Wednesday, April 30, 2014

How to tell if a property is a rental

From a thread here:

  1. The most accurate is to physically go to the place and politely ask the residents - making clear that you are considering buying and are trying to determine how many units are rentals.
  2. Online, if you go to the assessor's database if the owner's mailing address is different from the house address it's most certainly not a primary residence. This may mean it's rented out.
  3. Online, if you can see the property tax amount, many towns in Mass. have a residential exemption which applies to primary residences only. If the tax seems lower, then this is a primary residence.

Tuesday, April 29, 2014

What makes marine grade wire special?

I was in the market for pain old 14 AWG wire for a project when I came across spools of wire being sold as "tinned marine grade wire". I was curious to know what made this wire "marine grade". From this page, it turns out, marine grade wire is

  1. 12% bigger for a given wire gauge. So 14G marine wire is thicker than regular 14G wire
  2. Each strand of the wire is finer and individually coated with tin, making it resistant to corrosion
  3. The insulation on the wire is oil, moisture and heat resistant.

Monday, April 28, 2014

Breaking BAM

It's fun to mess with our bioinformatics tools and laugh at ourselves. The BAM format carries a query name string. In an idle moment I wondered, how long a string can I put here before bad things happen to the BAM?

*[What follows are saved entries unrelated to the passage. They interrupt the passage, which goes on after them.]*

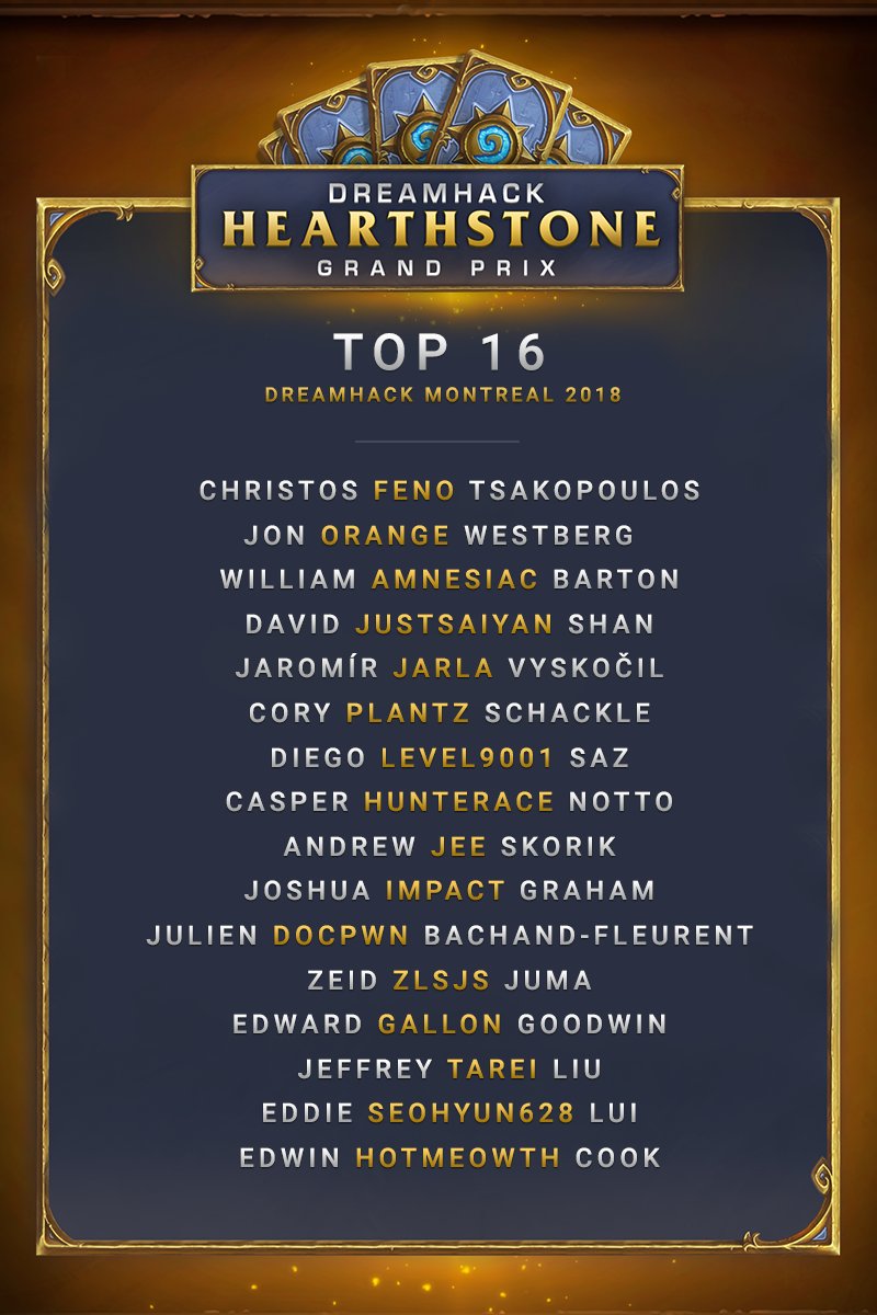 預計開打時間:台灣時間23:15 實 況 :https://www.twitch.tv/dreamhackhs 轉播:Cora/L0rinda/Firebat/DrJ 賽事資訊:https://grandprix.dreamhack.com/ 官網 https://goo.gl/bBeHkv 行程表 https://goo.gl/pY2Dpi 選手名單 https://goo.gl/9qxmE6 賽程表 總獎金15000鎂 75分HCT積分 冠軍5000鎂 15分HCT積分 賽 制 :今年DreamHack的第三項爐石賽事,來到北美的加拿大,連續兩年舉辦賽事 去年此時muzzy在這奪冠拉開與Zalae的差距,拿下NA最後一杯資格,今年的賽事則是爆爆 計畫版本上市後第一個LHS賽制的大賽 模式:標準模式 參賽選手:160名 設備:自行準備 版本:Boomsday 12.0 賽制:第一階段9輪取前16名晉級,接著單淘汰賽制到冠軍產生 賽制:所有賽事皆採用LHS賽制,4 BAN 1 BO5,把對手所有套牌都擊倒時獲勝 今天預計進行5至9輪瑞士制跟16強賽,轉播會挑選特定賽事,提早打完的話會播備用場 這輪比較想看橘子打人中之龍R Round 5:DocPwn 3:2 TS.Amnesiac 職業: (5-0/4-1) Game 1:哮斗薩 < 奇數賊 Game 2:TokenD < 奇數賊 Game 3:偶數術 > 奇數賊 Game 4:偶數術 > 死聲獵 Game 5:偶數術 > 偶數術 Round 6: Game 1: Game 2: Game 3: Round 7: Round 8: Round 9: 16強名單: Ro16 Match 1: Ro16 Match 2: -- ※ 發信站: 批踢踢實業坊(ptt.cc), 來自: 180.177.97.249 ※ 文章網址: https://www.ptt.cc/bbs/Hearthstone/M.1536419193.A.FDD.html
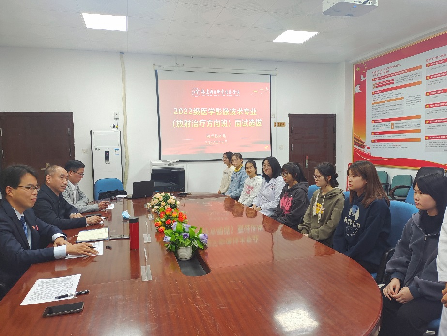 經(jīng)過兩個小時的面試,結合學生的在校成績及面試成績,最后從中擇優(yōu)挑選32名學生,這些學生將于2022-2023學年的第二學期組成22放療301班,并按照放療方向的專業(yè)教學計劃進行學習。
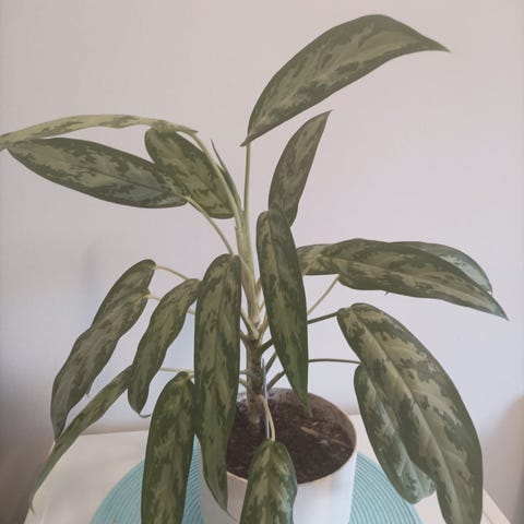 Kukintaa ei ole, vain runko ja lehdet ovat jäljellä. Alkuperäinen väri on viininpunainen
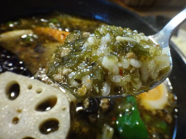 野菜の歯応え、挽肉とガゴメの舌触り。
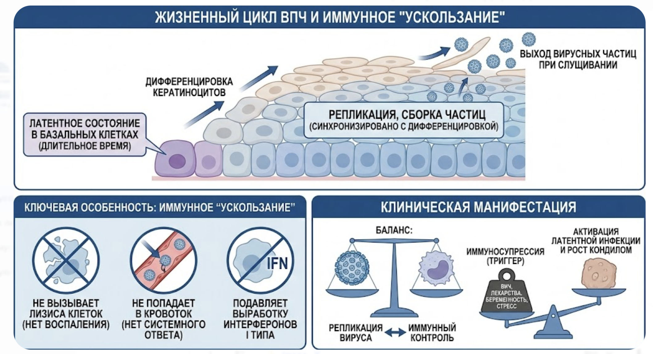 Ключевой особенностью ВПЧ является его способность «ускользать» от иммунного надзора. Вирус не вызывает лизиса клеток (нет воспаления), не попадает в кровоток (нет системного иммунного ответа) и подавляет выработку интерферонов первого типа в зараженных клетках. Это объясняет, почему инфекция может персистировать месяцами и годами без клинических проявлений.
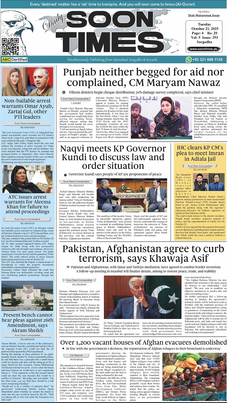 Daily Soon Times October 21, 2025 Daily Soon Times today's ePaper leading English national newspaper from Islamabad, Sargodha, Karachi, Pakistan << First << 1 >> Last >> Page 1Page 2Page 3Page 4 × Daily Soon Times 1234 1234 1

Generally this string carries information related to the device that produced the read, lane number, run number and so and so forth. It's completely specification free and everyone encodes information here in their own way, so you would think it's an arbitrary length string. Almost.

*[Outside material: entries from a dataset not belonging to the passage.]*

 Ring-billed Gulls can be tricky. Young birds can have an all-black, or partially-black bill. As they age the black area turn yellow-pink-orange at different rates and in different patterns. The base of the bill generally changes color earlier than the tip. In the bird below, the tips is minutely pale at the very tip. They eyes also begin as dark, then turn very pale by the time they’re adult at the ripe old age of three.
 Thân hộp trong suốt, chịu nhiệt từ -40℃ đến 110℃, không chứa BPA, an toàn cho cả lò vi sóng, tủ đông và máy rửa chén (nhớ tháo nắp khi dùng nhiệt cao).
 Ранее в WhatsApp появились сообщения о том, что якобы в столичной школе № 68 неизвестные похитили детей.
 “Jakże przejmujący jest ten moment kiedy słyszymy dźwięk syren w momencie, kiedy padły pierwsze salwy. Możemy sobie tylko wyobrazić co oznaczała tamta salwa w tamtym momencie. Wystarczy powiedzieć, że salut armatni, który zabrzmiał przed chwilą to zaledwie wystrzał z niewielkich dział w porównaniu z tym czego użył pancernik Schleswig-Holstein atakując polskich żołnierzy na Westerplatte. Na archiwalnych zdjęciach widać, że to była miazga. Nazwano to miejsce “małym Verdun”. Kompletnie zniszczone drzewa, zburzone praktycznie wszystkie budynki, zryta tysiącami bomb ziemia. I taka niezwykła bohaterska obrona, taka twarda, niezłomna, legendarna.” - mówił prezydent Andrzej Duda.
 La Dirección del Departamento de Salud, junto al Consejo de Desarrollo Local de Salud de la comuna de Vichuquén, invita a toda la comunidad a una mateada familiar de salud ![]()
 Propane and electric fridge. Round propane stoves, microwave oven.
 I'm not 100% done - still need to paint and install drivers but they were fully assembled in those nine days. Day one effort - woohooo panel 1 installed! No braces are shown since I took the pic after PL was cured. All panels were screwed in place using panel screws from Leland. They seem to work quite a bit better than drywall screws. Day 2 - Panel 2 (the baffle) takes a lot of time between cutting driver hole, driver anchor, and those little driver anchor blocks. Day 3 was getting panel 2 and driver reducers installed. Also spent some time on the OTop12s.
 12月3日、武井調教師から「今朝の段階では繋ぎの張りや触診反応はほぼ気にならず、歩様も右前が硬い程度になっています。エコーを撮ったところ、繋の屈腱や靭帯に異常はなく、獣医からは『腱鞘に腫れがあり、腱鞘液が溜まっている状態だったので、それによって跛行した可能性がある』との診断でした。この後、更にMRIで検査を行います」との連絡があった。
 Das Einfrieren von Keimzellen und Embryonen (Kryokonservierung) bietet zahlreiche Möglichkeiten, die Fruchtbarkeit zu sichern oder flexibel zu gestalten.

Try out the short Python snippet below. It generates a dummy fasta file (test.fa) and a dummy BAM file (test.bam) with one 'aligned' read. The only funky thing is that you can make the qname field of the read as long as you want (by varying the lone input parameter to the script).

import sys
import pysam

try:
  qnamelen = int(sys.argv[1])
except:
  qnamelen = 255

with open('test.fa', 'w') as f:
  f.write('>test\n')
  f.write('A'*100)

bam_hdr = {'HD': {'VN': '1.4'},
           'SQ': [{'LN': 100, 'SN': 'test'}]}
bf = pysam.Samfile('test2.bam', 'wb', header=bam_hdr)  # Write binary BAM with header
ar = pysam.AlignedRead()
ar.qname = 'Q'*qnamelen  # Gives Tablet headaches when str len > 254
ar.seq = 'A'*50
ar.qual = '~'*50
ar.mapq = 100
ar.pos = 0
ar.cigarstring = '50M'
bf.write(ar)
bf.close()
pysam.sort('test2.bam', 'test')
pysam.index('test.bam')

Now open the pair of fasta and BAM files in samtools tview, Tablet and IGV (and indeed in anything else). Laugh loudly until your office mates banish you.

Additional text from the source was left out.